**What you have to do**: Note on the material below: return exactly the lines from the line that holds "1. Yatak Odası" through the line that holds "Écouteur avec Micro", and leave out each picture.

The records section start

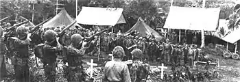 The Marines stopped short of the junction of the Tetemara–Tombe trails, close to their objective (Viru Harbor) on the evening of 30 June, and prepared to launch their attack the following day. Currin's men subsequently launched two-pronged attack the following morning; two platoons were detached to attack Tombe from the northeast, while the rest of the regiment skirted around the harbor to the north, crossing the Viru, Tita and Mango Rivers, and assaulted Tetemara from the southwest.[23] The outpost at Tombe was quickly overwhelmed around 08:45 on 1 July, while the main body of Marines drove the Japanese out of Viru in a running battle that lasted until the early afternoon. They were supported by preliminary air attacks by 17 US Navy Dauntless dive-bombers, while landing craft with combat supplies (ammunition and fuel) entered the harbor to ensure rapid resupply. As Hara's troops withdrew into the jungle, the Marines began constructing defensive positions to wait for reinforcement.[24][25]
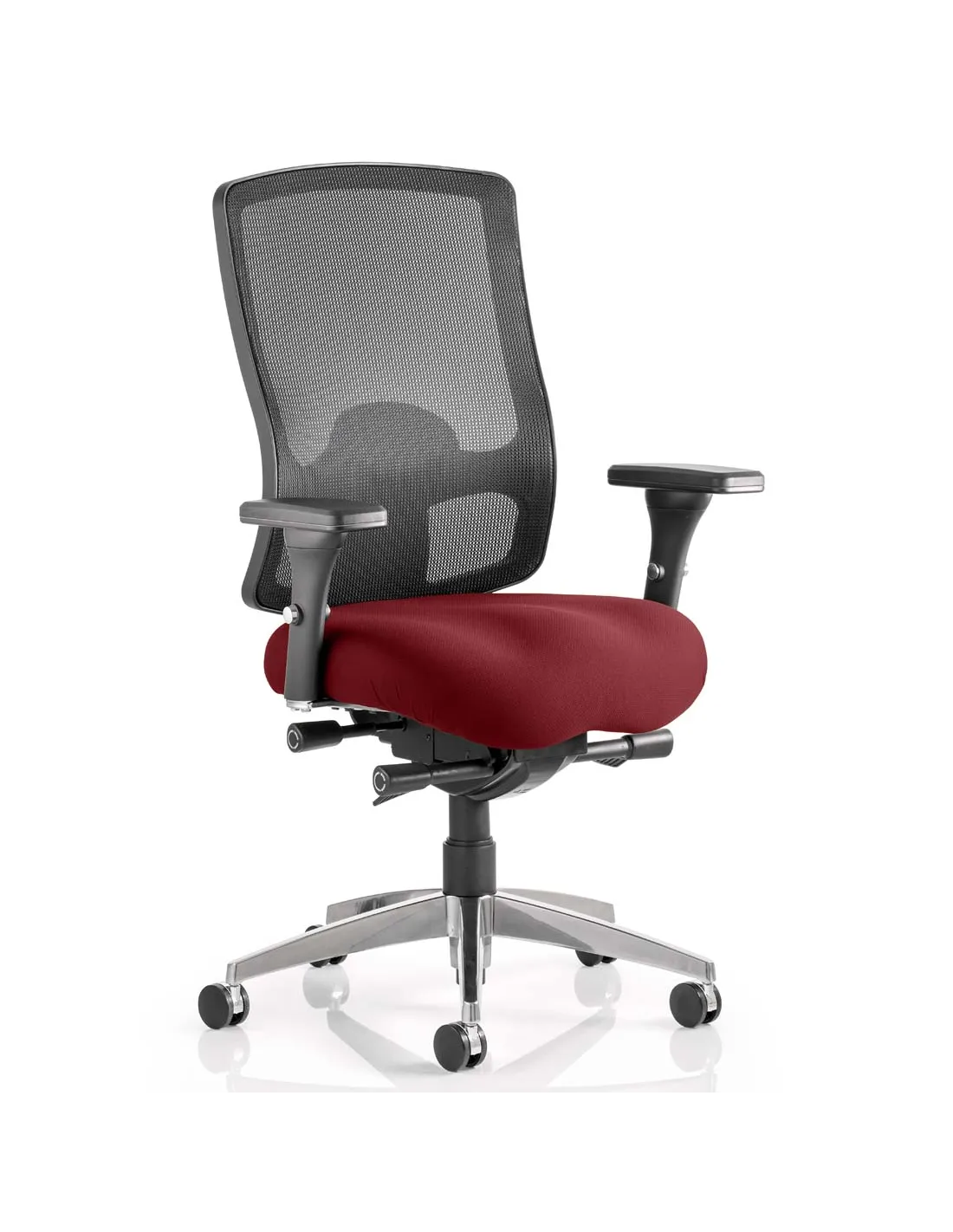 The Regent is ergonomically designed and has a luxurious cold cure foam seat that provides a pleasant seating experience for the most demanding environments. The chair has many adjustment options thanks to its quality multi functional mechanism and soft adjustable armrests. The stylish high backrest which is upholstered in a breathable mesh is easily height adjustable and equipped with a height adjustable lumbar support. Finished elegantly with a brushed aluminium base, this chair is the all round solution.
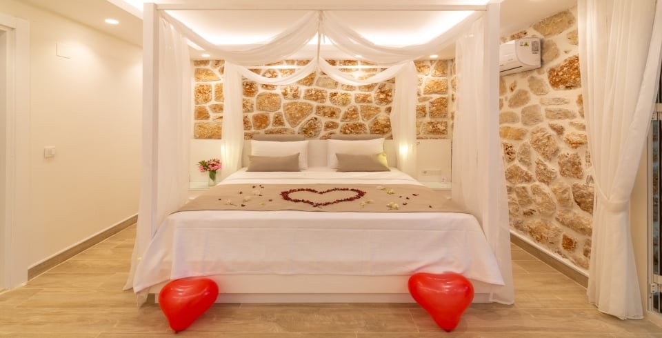 1. Yatak Odası : Ebeveyn/Balayı odası balayı konseptiyle dekore edilmiştir ve bahçe manzaralıdır. Odada büyük boy çift kişilik cibinlikli yatak, çift kişilik jakuzi ve televizyon bulunmaktadır.
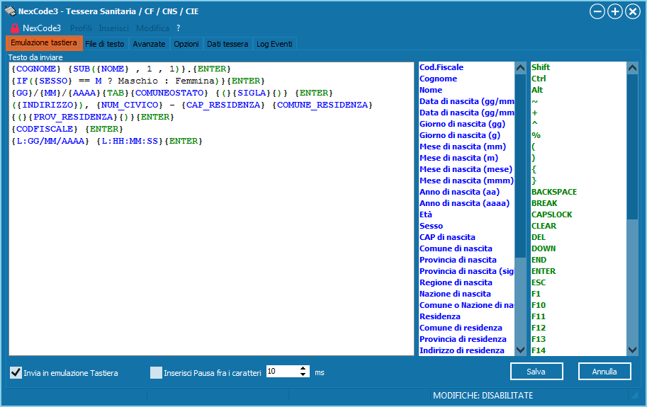 La configurazione si divide in sei sezioni, "Impostazioni", "Emulazione Tastiera", "File di Testo", "Avanzate", "Opzioni", "Dati Tessera", "Log Eventi" alle quali sono dedicate i paragrafi seguenti.
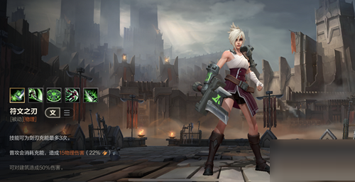 锐雯的技能能为剑刃充能,最多3次,而普攻会消耗充能,造成(15+22%攻击)物理伤害,这是锐雯的被动,在攻击建筑物时会削减为原来的50%。
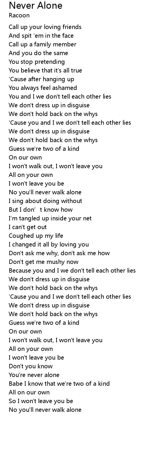| No you'll never walk alone | |
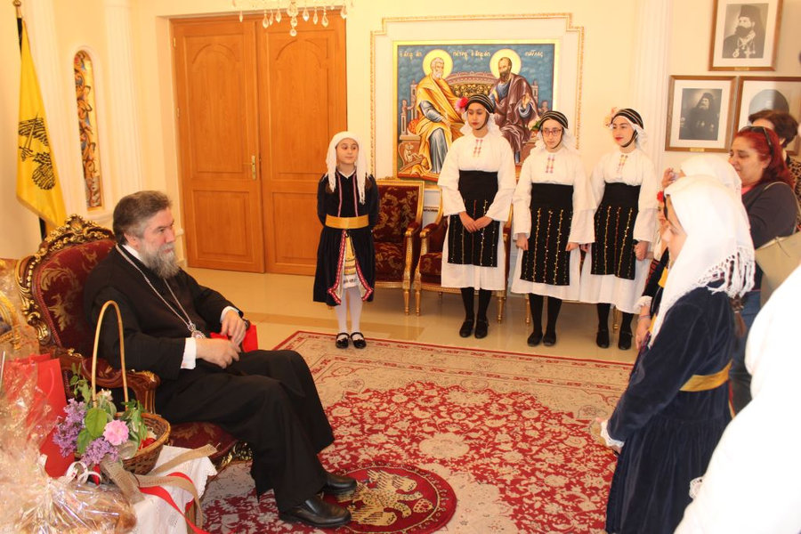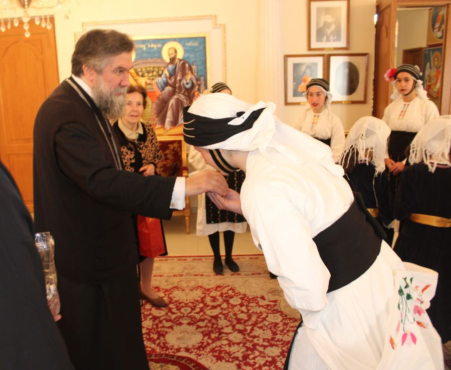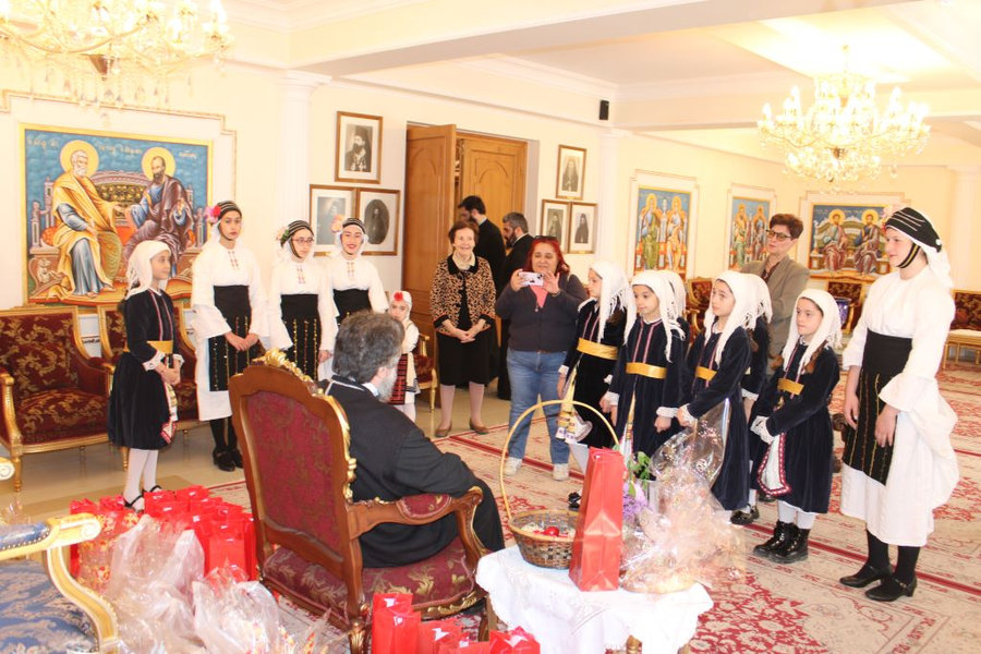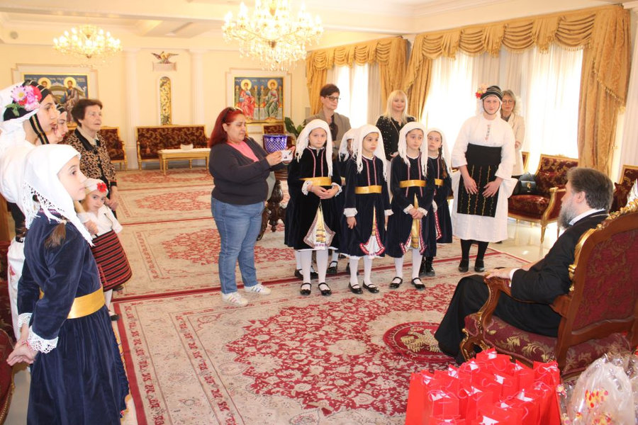 Ακολούθως, στις 11:30 το πρωί, τα μέλη του Εργαστηρίου Λαογραφικών Μελετών και Παραδοσιακών Χορών «Ο ΠΥΡΡΟΣ», της Θρακικής Εστίας και του Πανηπειρωτικού Συλλόγου Ν. Σερρών έψαλαν στον Σεβασμιώτατο με τις γλυκόλαλες φωνές τους τα πατροπαράδοτα κάλαντα του Αγ. Λαζάρου.
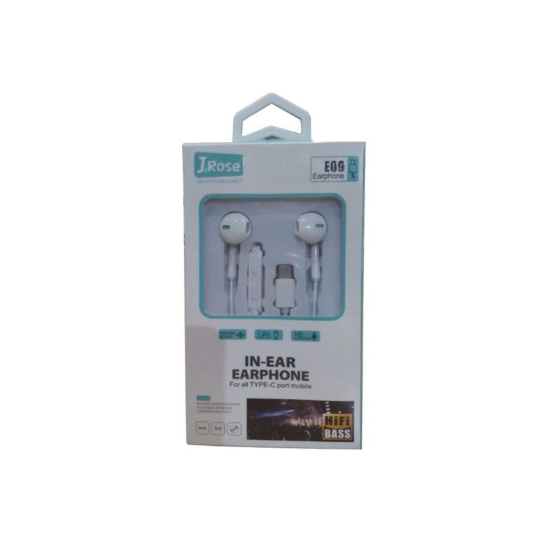 Écouteur avec Micro J&ROSE E09 - Type C - Cable 1.2 M - Couleur Blanc
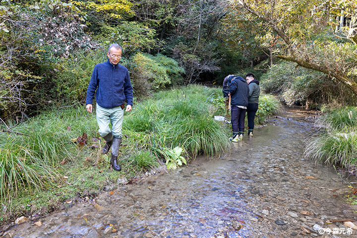 天神川の上流は、浅瀬が多く歩きやすい。(撮影:今森元希)
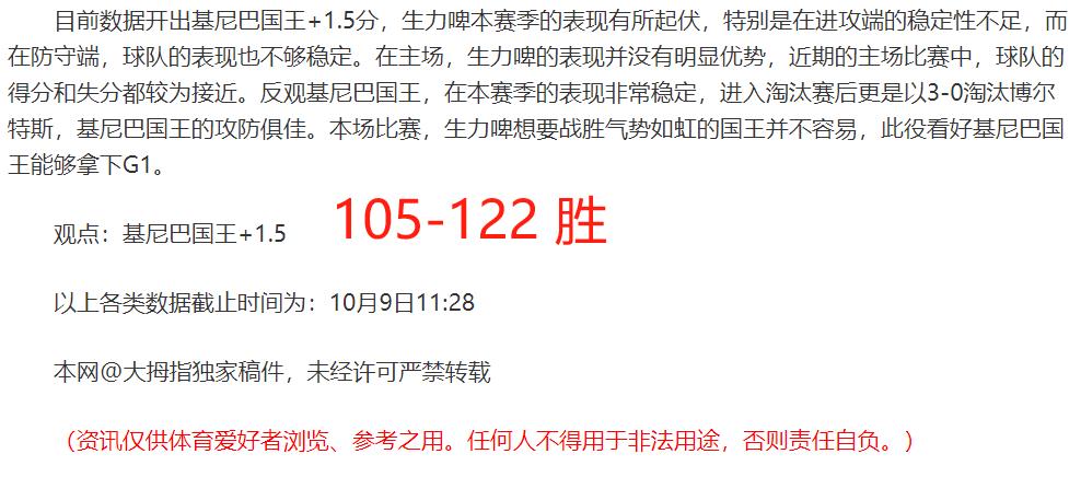 成绩回顾:昨日分享的菲州长杯赛事,基尼巴国王方向顺利取胜。以下为大家分享一场NBL(A)赛事,坎斯大班vs野猫,敬请期待!
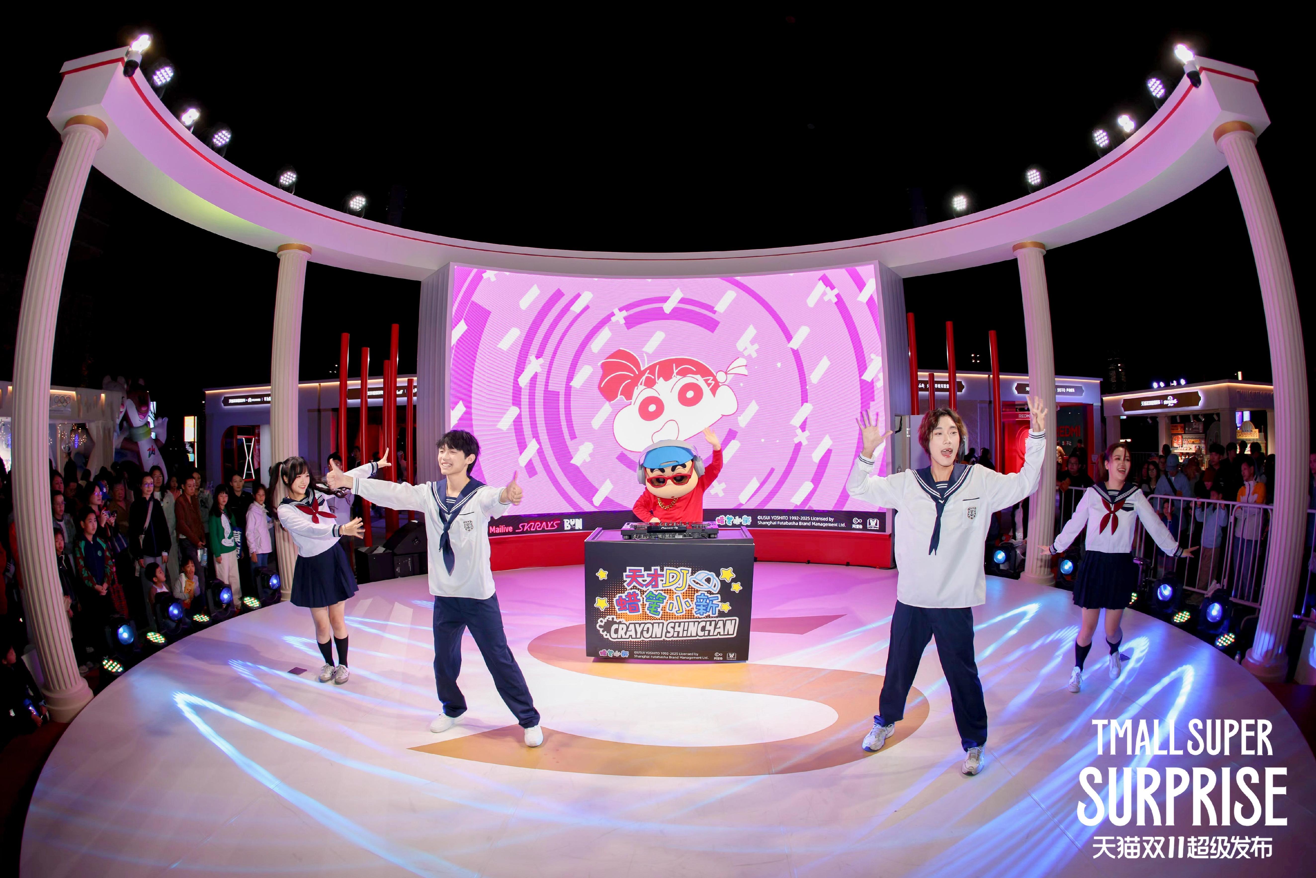 与此同时,本届天猫双11超级发布的精彩舞台也延伸至线下,20多家品牌共同构建了沉浸式互动体验空间,在线下的中心舞台开展了限时快闪活动。

The records section end

**Exercise solution**:
 1. Yatak Odası : Ebeveyn/Balayı odası balayı konseptiyle dekore edilmiştir ve bahçe manzaralıdır. Odada büyük boy çift kişilik cibinlikli yatak, çift kişilik jakuzi ve televizyon bulunmaktadır.
 La configurazione si divide in sei sezioni, "Impostazioni", "Emulazione Tastiera", "File di Testo", "Avanzate", "Opzioni", "Dati Tessera", "Log Eventi" alle quali sono dedicate i paragrafi seguenti.
 锐雯的技能能为剑刃充能,最多3次,而普攻会消耗充能,造成(15+22%攻击)物理伤害,这是锐雯的被动,在攻击建筑物时会削减为原来的50%。
| No you'll never walk alone | |
 Ακολούθως, στις 11:30 το πρωί, τα μέλη του Εργαστηρίου Λαογραφικών Μελετών και Παραδοσιακών Χορών «Ο ΠΥΡΡΟΣ», της Θρακικής Εστίας και του Πανηπειρωτικού Συλλόγου Ν. Σερρών έψαλαν στον Σεβασμιώτατο με τις γλυκόλαλες φωνές τους τα πατροπαράδοτα κάλαντα του Αγ. Λαζάρου.
 Écouteur avec Micro J&ROSE E09 - Type C - Cable 1.2 M - Couleur Blanc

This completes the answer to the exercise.